TASK INPUTS:
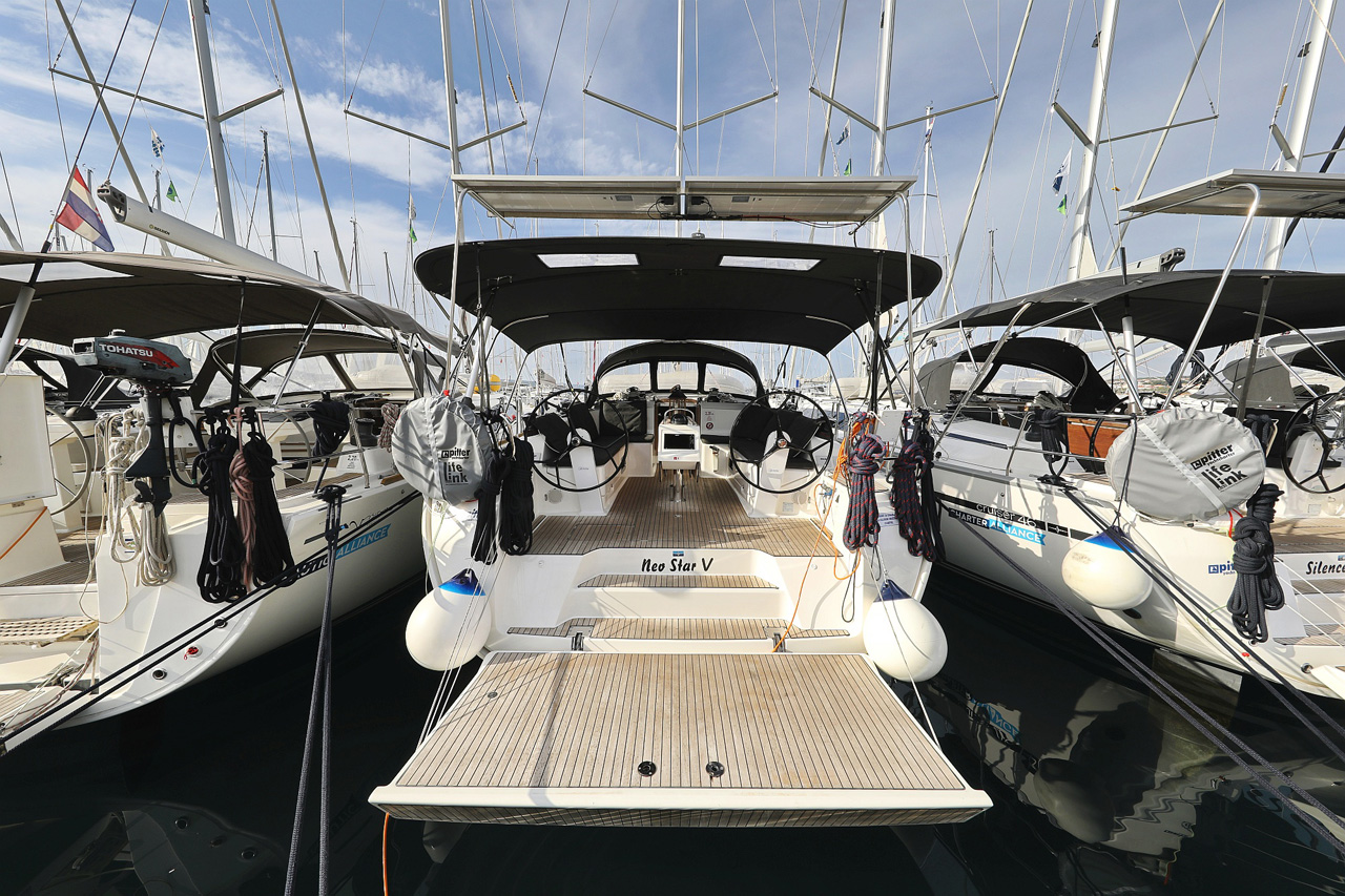 | Outside | 220 V-Landanschluss, Anker mit Kette, Ankerwinsch, Biminitop, Bootshaken, Cockpitdusche, Cockpitlautsprecher, Cockpitpolster, Cockpittisch, Dieselkanister , elektr. Ankerwinsch, Fender, Festmacherleinen, Gangway, Kugelfender, Kunststoff-Eimer (Pütz), Solaranlage, Sprayhood, Teak im Cockpit, Wantenschneider, Wasserkanister , Wasserschlauch |
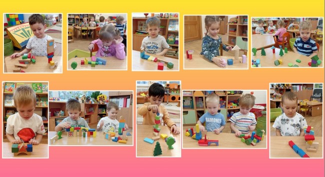Также ребята вспомнили понятия «большой-маленький». К нам приходили матрешки, мы с ребятами их рассмотрели, сравнили, а потом построили для них разные по величине домики.
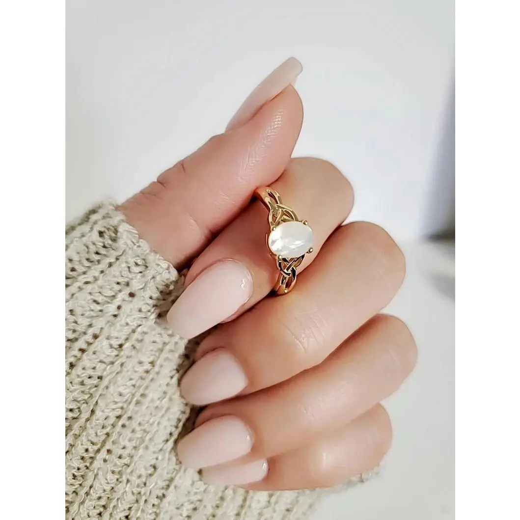 Discover the elegance of our Mother of Pearl Gold Celtic Ring, a stunning piece of jewelry that embodies the timeless beauty of Celtic design. This ring is perfect for those who appreciate a blend of traditional and modern aesthetics. Crafted from high-quality mother of pearl, known for its luxurious appearance and unique texture.
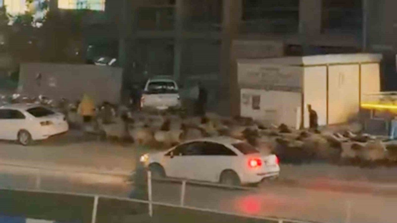 Hakkari’nin Yüksekova ilçesinin en işlek caddesinden koyun sürüsü geçtiği sırada ilginç görüntüler oluştu.
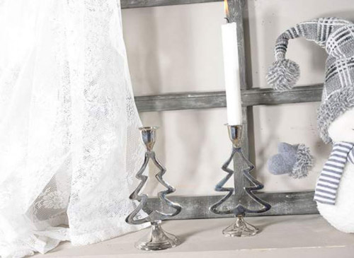 Set sfesnice argintii in forma de brad, din metal. Dimensiuni: Mare: 9.5x7x17,5 cm. Mic : 8.3x5.8 x17 cm. Diametru lumanare 2 cm. Pret: 120 lei.

TASK ITEM: All lines above from the one containing "Discover the elegance" up to and including the one containing "Hakkari’nin Yüksekova ilçesinin" are to be set down exactly, and nothing else. Leave images out.

RESULT FOR THIS EXERCISE:
 Discover the elegance of our Mother of Pearl Gold Celtic Ring, a stunning piece of jewelry that embodies the timeless beauty of Celtic design. This ring is perfect for those who appreciate a blend of traditional and modern aesthetics. Crafted from high-quality mother of pearl, known for its luxurious appearance and unique texture.
 Hakkari’nin Yüksekova ilçesinin en işlek caddesinden koyun sürüsü geçtiği sırada ilginç görüntüler oluştu.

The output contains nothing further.